Also, most of what I've read seems to have some conflicting reports, even within the same user and same report; that is the lasting stimulation, but relatively little desire to do anything (at least physically) with that energy... could someone elaborate? The dosage also seems to vary rather wildly... is the large "attack" dose and booster dosing (as recommended on erowid) later actually a good strategy, or will this just lead to using too much product and unpleasant vasoconstrictive effects?
I'm probably going to try this soon and after the low dose safety tests, i'm guessing the therapeutic range to be ~100-160mg? How nasty is insufflation?
When I first tried methylone, it had been a very long time since my previous brief occasional experiences with entactogens in the form of MDMA. I also had no history of stimulant use (er... aside from a caffeine and nicotine habit). I found c. 150 mg oral to produce a mild but pleasant effect, and somewhere between 180 and 220 mg oral to provide more full-on effects. Towards the top of that range there was more likelihood of persistent stimulation after the brief (c. 30 minutes) more entactogenic phase.
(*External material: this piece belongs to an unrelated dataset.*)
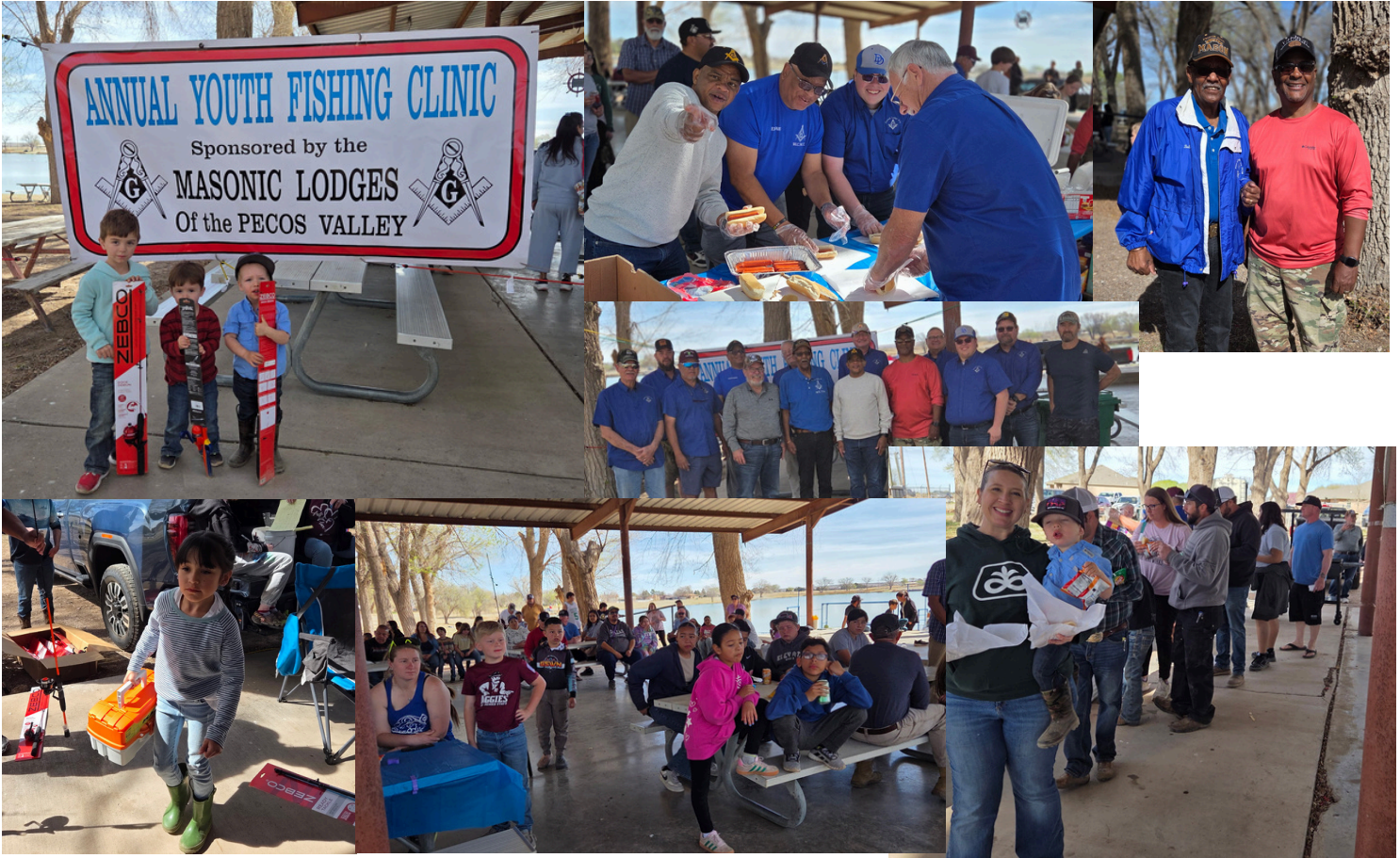
The Masons of the Pecos Valley were busy in March. They hosted the annual fishing clinic at Lake Van and then went to cook steaks as a fundraiser for the Eddy County Youth supporters. .

At that time, I considered the persistent stimulation an annoyance, and I would have assured anyone that there was no point taking any methylone after the initial dose, because I found it would just extend the stimulation without rekindling the loveliness of the entactogenic phase.
In recent times, using both methylone and mephedrone, I have come to enjoy the stimulation that both of these substances produce. I'm not at all sure that is a good thing to have learnt to enjoy. My new pattern of usage (learnt with mephedrone; transferring somewhat to methylone, now that I've sworn to avoid mephedrone due to its worrying effects on heart on the following day) is more like a 250 mg oral attack dose, followed by insufflation at a rate of between 50 and 100 mg an hour.
I guess it depends what you're after. If you're interested in entactogenesis, I'd suggest taking an oral dose of between 160 and 220 mg and not touching any more for a couple of weeks. I guess that sort of dose, at the lower end, offers pretty much just the entactogenic phase, but at the higher end might leave residual and uninteresting stimulation after itself. If you're more interested in the stimulation itself, you could take the other (presumably rather less healthy) route of taking a higher initial oral dose and boosting with insufflation (or just repeated oral administrations) to keep the stimulation at an enjoyable level.
ETA: Re: how 'nasty' insufflation of methylone is... it's fine, in my experience. The drip's not too nasty tasting, nor does it make my nose or throat feel sore. Well, a little pain, maybe.

But not sore and inflamed, like my current batch of 2C-C does.